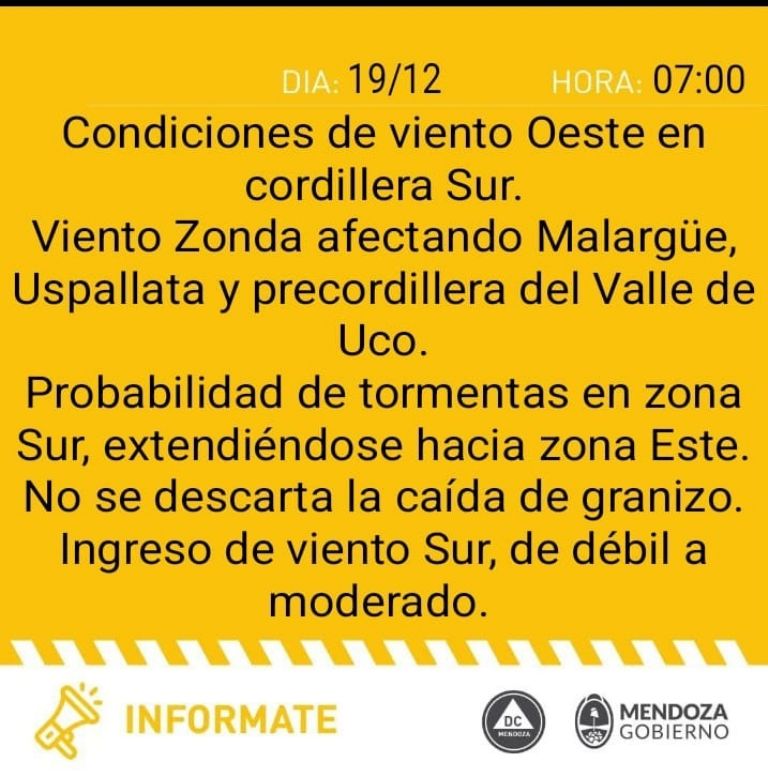El SMN mantiene vigente una alerta amarilla por viento Zonda. El fenómeno afectará principalmente a la precordillera, el departamento de Malargüe y sectores del Valle de Uco y Uspallata. Se esperan ráfagas que podrían alcanzar los 70 km/h, lo que generará un ambiente extremadamente seco y una reducción importante de la visibilidad por polvo en suspensión entre el mediodía y las 23:00.
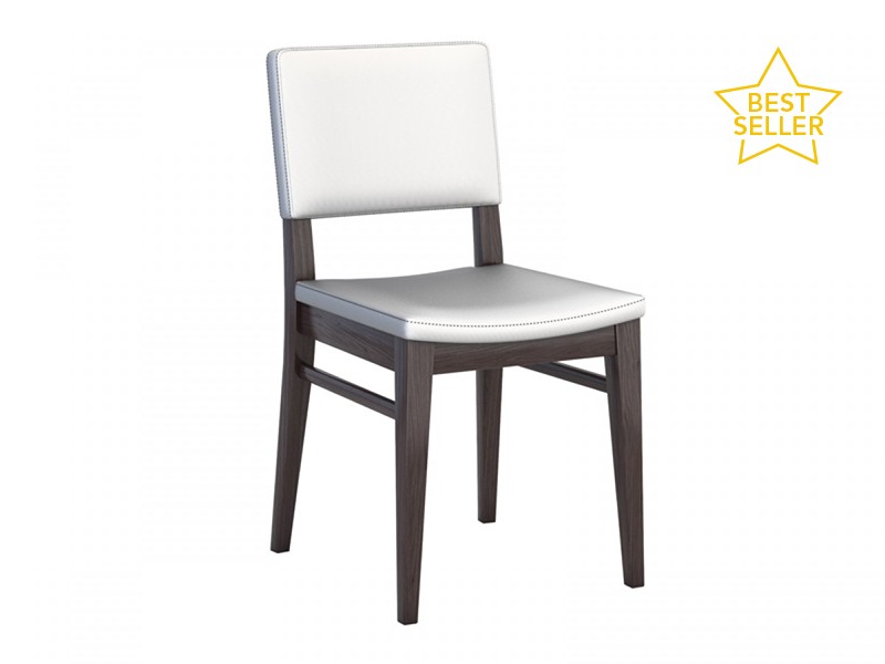 - Stuhl aus Buche mit Polstersitz und -Rücken.
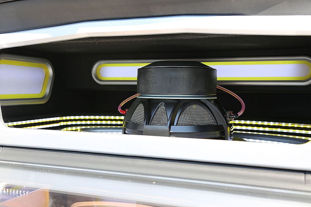 トランクに2基並んだグラウンド・ゼロのGZPA Reference 2XSが、モーターアクションで左右に移動。その下から3基目のパワーアンプが姿を現す…というギミックが特徴の、asu.Companyデモカー。『上級モデルを使い、聴いても見ても楽しめるシステム』を、制作コンセプトに掲げている。パワーアンプ3基とサブウーハー1発、ミッドレンジ4発(2セット)をトランク内に収め、スピーカーは左右ドアのミッドも含め、全てグラウンド・ゼロで統一。ハイパワーなのはもちろん、ヘッドユニットにダイアトーンNR-MZ80PREMIを採用し、臨場感タップリの音響を実現させた。
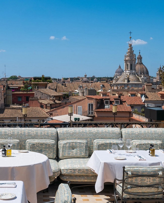 L’albergo si sviluppa in due edifici gemelli, regalandoci così due spazi distinti da vivere: Terrazza Locarno con una meravigliosa vista su Trinità dei Monti, un’elegante sala da pranzo outdoor caratterizzata da sedute in ferro, e dall’altro lato la nuova esclusiva Terrazza Canossa, un’oasi verde “a picco” su Piazza del Popolo. Le protagoniste indiscusse della terrazza sono infatti le due cupole di Santa Maria in Montesanto e Santa Maria dei Miracoli, bellissime e incredibilmente vicine.
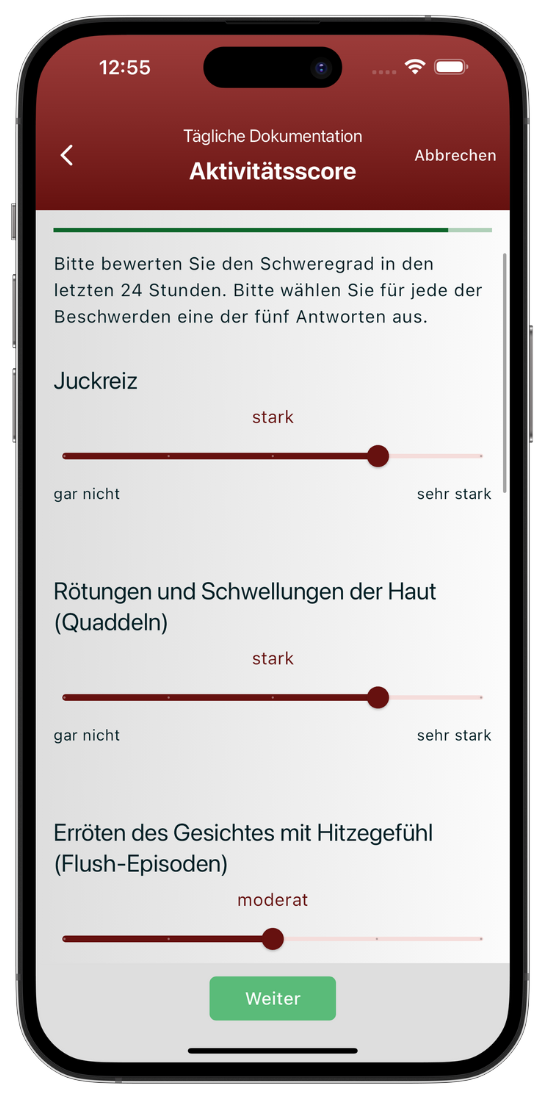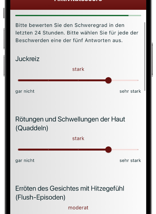 Dieser Bereich hilft Ihnen, Ihre Beschwerden der letzten 24 Stunden (bekannt als Mastozytose-Aktivitäts-Score - MAS) sowie Informationen über mögliche anaphylaktische Reaktionen und eingenommene Medikamente zu erfassen. Diese tägliche Dokumentation hilft, Muster zu erkennen und die Behandlung entsprechend anzupassen.

═══

Brief |
The whole listing above must be set down again exactly, but without its images.

Exercise output |
El SMN mantiene vigente una alerta amarilla por viento Zonda. El fenómeno afectará principalmente a la precordillera, el departamento de Malargüe y sectores del Valle de Uco y Uspallata. Se esperan ráfagas que podrían alcanzar los 70 km/h, lo que generará un ambiente extremadamente seco y una reducción importante de la visibilidad por polvo en suspensión entre el mediodía y las 23:00.
 - Stuhl aus Buche mit Polstersitz und -Rücken.
 トランクに2基並んだグラウンド・ゼロのGZPA Reference 2XSが、モーターアクションで左右に移動。その下から3基目のパワーアンプが姿を現す…というギミックが特徴の、asu.Companyデモカー。『上級モデルを使い、聴いても見ても楽しめるシステム』を、制作コンセプトに掲げている。パワーアンプ3基とサブウーハー1発、ミッドレンジ4発(2セット)をトランク内に収め、スピーカーは左右ドアのミッドも含め、全てグラウンド・ゼロで統一。ハイパワーなのはもちろん、ヘッドユニットにダイアトーンNR-MZ80PREMIを採用し、臨場感タップリの音響を実現させた。
 L’albergo si sviluppa in due edifici gemelli, regalandoci così due spazi distinti da vivere: Terrazza Locarno con una meravigliosa vista su Trinità dei Monti, un’elegante sala da pranzo outdoor caratterizzata da sedute in ferro, e dall’altro lato la nuova esclusiva Terrazza Canossa, un’oasi verde “a picco” su Piazza del Popolo. Le protagoniste indiscusse della terrazza sono infatti le due cupole di Santa Maria in Montesanto e Santa Maria dei Miracoli, bellissime e incredibilmente vicine.
 Dieser Bereich hilft Ihnen, Ihre Beschwerden der letzten 24 Stunden (bekannt als Mastozytose-Aktivitäts-Score - MAS) sowie Informationen über mögliche anaphylaktische Reaktionen und eingenommene Medikamente zu erfassen. Diese tägliche Dokumentation hilft, Muster zu erkennen und die Behandlung entsprechend anzupassen.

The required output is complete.